Summary findings for mobile apps privacy practices
| GLOBAL APPS | OPC APPS | SG APPS | |
|---|---|---|---|
| Total # of apps examined | 1211 | 151 | 103 |
| Permissions (Indicator 2) | |||
| Apps requesting 1 or more permissions | 75% | 70% | 89% |
| PERMISSION REQUESTED | GLOBAL APPS | OPC APPS | SG APPS |
|---|---|---|---|
| Location | 32% | 22% | 70% |
| Contacts | 9% | 10% | 7% |
| Calendar | 2% | 2% | 8% |
| Microphone | 5% | 7% | 4% |
| Camera | 10% | 8% | 29% |
| Device ID | 16% | 13% | 52% |
| Access to other accounts | 15% | 23% | 49% |
| SMS | 4% | 6% | 12% |
| Call log | 7% | 11% | 2% |
| PRIVACY COMMUNICATIONS | GLOBAL APPS | OPC APPS | SG APPS |
|---|---|---|---|
| Apps with concerns regarding pre-installation privacy communications | 59% | 42% | 65% |
| Apps with excessive permissions based on sweeper’s understanding of app’s functionality | 31% | 28% | 58% |
| Apps with privacy communications not well tailored to small screen | 43% | 31% | Not asssessed |
| OVERALL PRIVACY MARKS | GLOBAL APPS | OPC APPS | SG APPS |
|---|---|---|---|
| 0 = No privacy information, other than permissions | 30% | 11% | 18% |
| 1 = Privacy information not adequate; sweeper does not know how information will be collected, used and disclosed | 24% | 15% | 55% |
| 2 = Privacy information somewhat explains the app’s collection, use and disclosure of personal information; however, sweeper still had questions about certain permissions | 31% | 46% | 17% |
| 3 = Privacy information clearly explains how app collects/uses/discloses personal information; sweeper is confident in his/her knowledge of app’s practices | 15% | 28% | 10% |
| 100% | 100% | 100% |
Summary Findings for Mobile Apps with Privacy / Security Concerns
Top 3 privacy/security concerns
69% – Javascript-interface: This gives privilege to hacker to execute or run any code and perform unexpected results or action on behalf of the user remotely without even touching the device physically.

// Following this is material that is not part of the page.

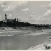 Widok z lewego, zachodniego brzegu Warty na brzeg wschodni na wysokości Rataj, po lewej fragment mostu Marchlewskiego (dzisiaj Królowej Jadwigi)08.1960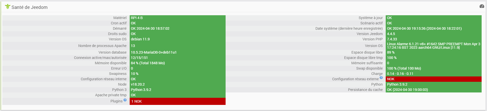 j’ai fait une nouvelle installation de Jeedom, sur un Raspberry 4 B en SSD.

61% – Misconfiguration in SSL: This can lead to attacks which compromises user details. Simply means any hacker can intercept the internet connection. This can lead to Man in the middle attack.
52% – Poor Encryption: This can be misused to get access to user’s personal data by hackers. Easily decrypted information is like keeping user’s keys in open for any thief to steal their data.
| HIGH RISK VULNERABILITIES | % OF OVERALL MOBILE APPS GRAND TOTAL |
|---|---|
| Broken Trust Mgr for SSL (High Risk) | 61% |
| Broken Host Name Verifier for SSL | 45% |
| Host Name Verifier Allow All Host Names | 31% |
| Remote Code Execution Through Java Script Interface | 69% |
| Insufficient Transport Layer protection | 28% |
| Derived Crypto keys | 52% |
| Application Log (medium risk) | 45% |
Mobile application developers are advised to get their mobile apps scanned for privacy and security vulnerabilities.
To get the complete report and findings, as well as the individual security report of the mobile application covered, please contact sales@straitsinteractive.com.
Click here to see a list of mobile apps surveyed.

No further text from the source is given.